Data block -
-=-=-=-=-
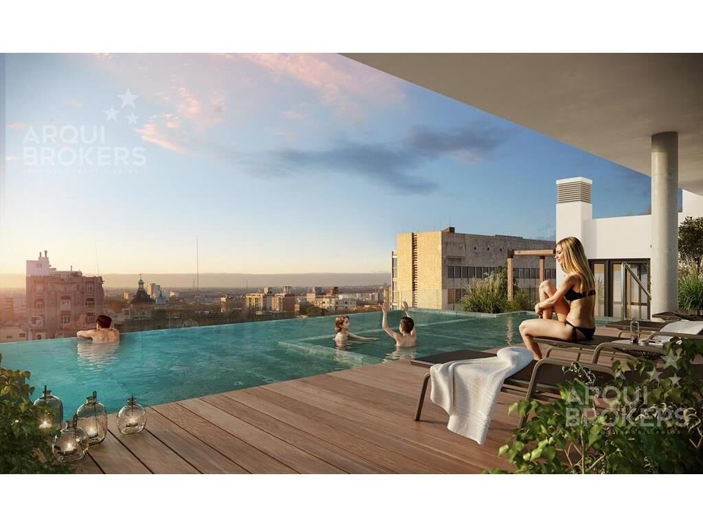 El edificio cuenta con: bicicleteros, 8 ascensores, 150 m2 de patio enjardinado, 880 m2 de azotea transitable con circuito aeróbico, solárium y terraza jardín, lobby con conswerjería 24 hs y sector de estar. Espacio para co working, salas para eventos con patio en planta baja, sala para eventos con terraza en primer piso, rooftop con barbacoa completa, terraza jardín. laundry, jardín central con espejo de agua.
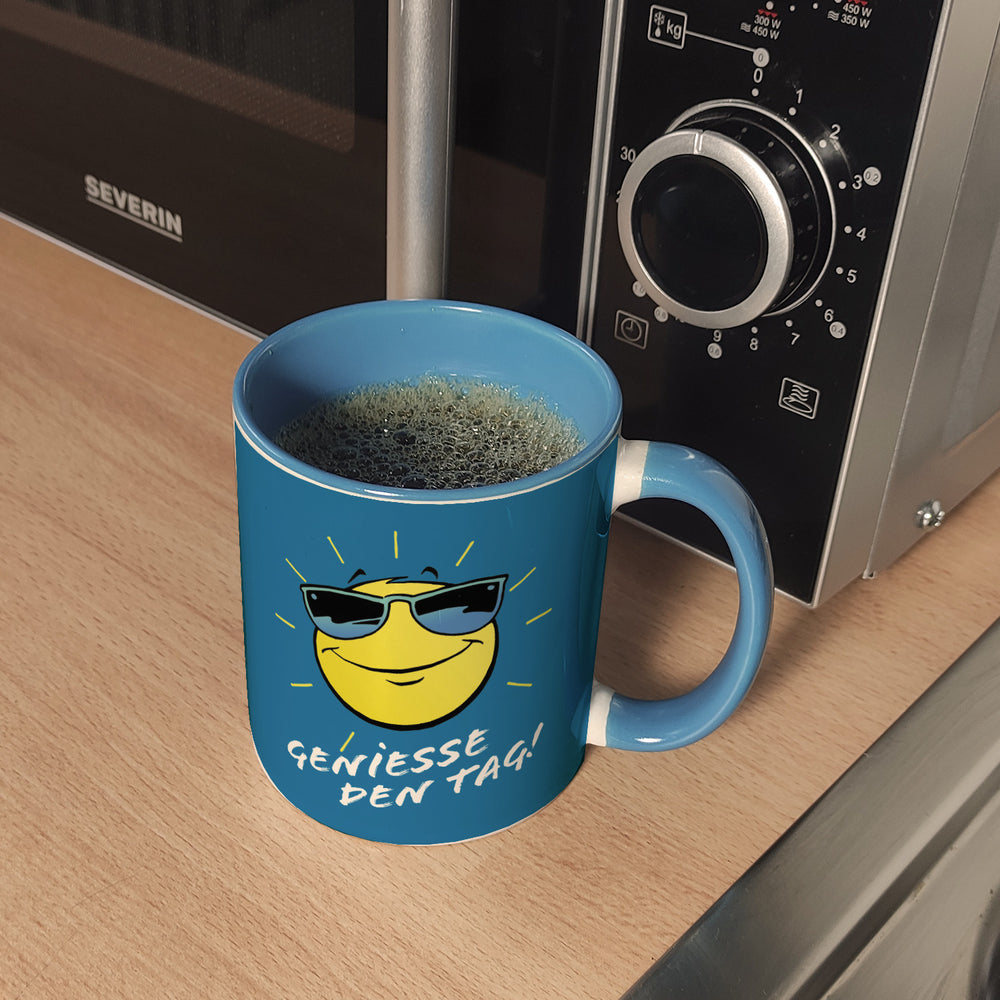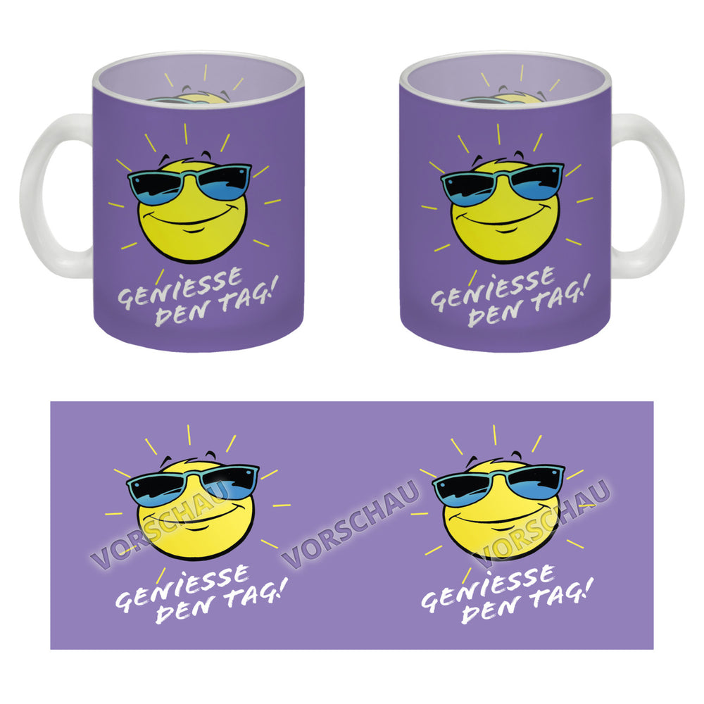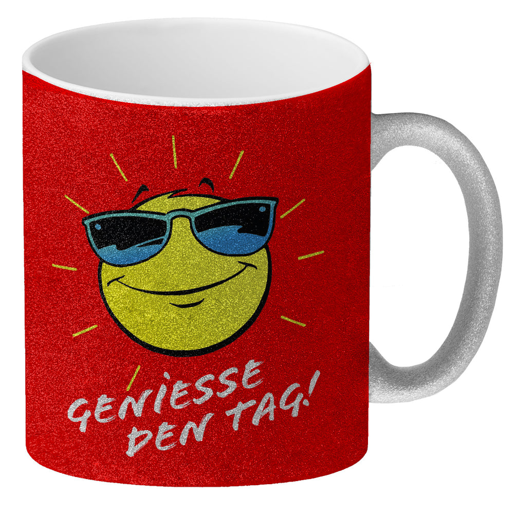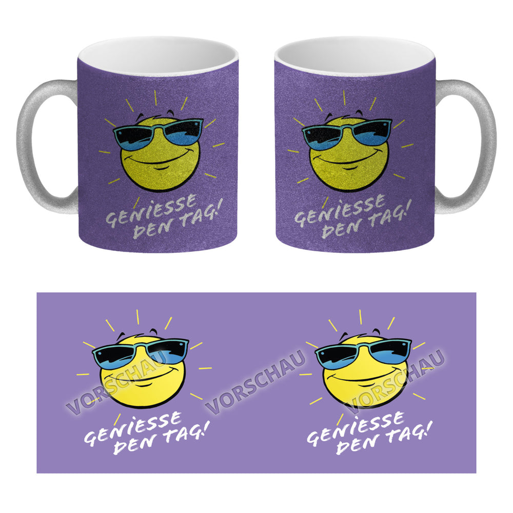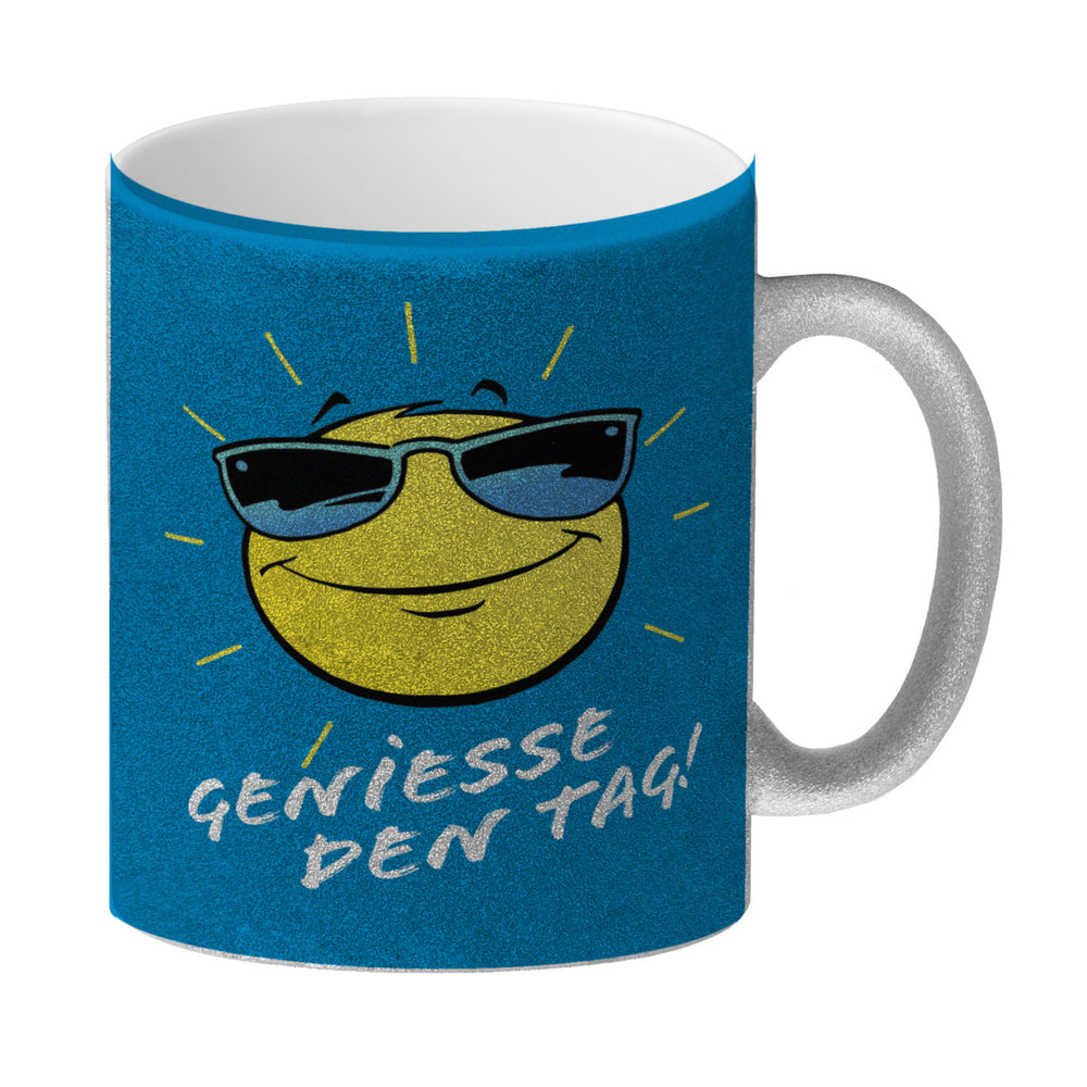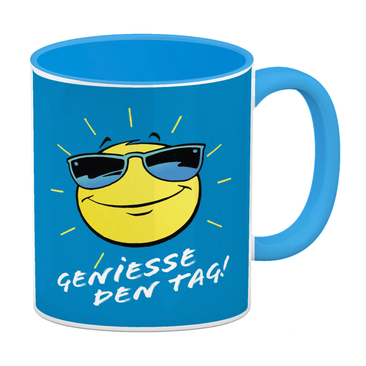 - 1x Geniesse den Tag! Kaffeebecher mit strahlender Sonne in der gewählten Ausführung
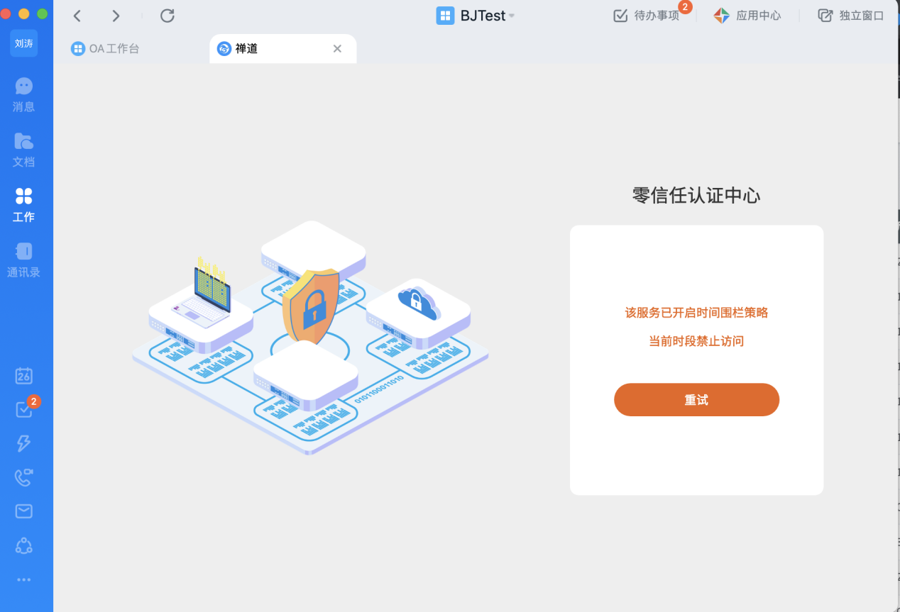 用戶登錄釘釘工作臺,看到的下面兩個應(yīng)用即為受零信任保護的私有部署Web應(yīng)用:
-=-=-=-=-
Instructions to follow -
Without the pictures, transcribe the lines from the one containing "- 1x Geniesse" through the end of the data, exactly and only those.

Solution -
 - 1x Geniesse den Tag! Kaffeebecher mit strahlender Sonne in der gewählten Ausführung
 用戶登錄釘釘工作臺,看到的下面兩個應(yīng)用即為受零信任保護的私有部署Web應(yīng)用:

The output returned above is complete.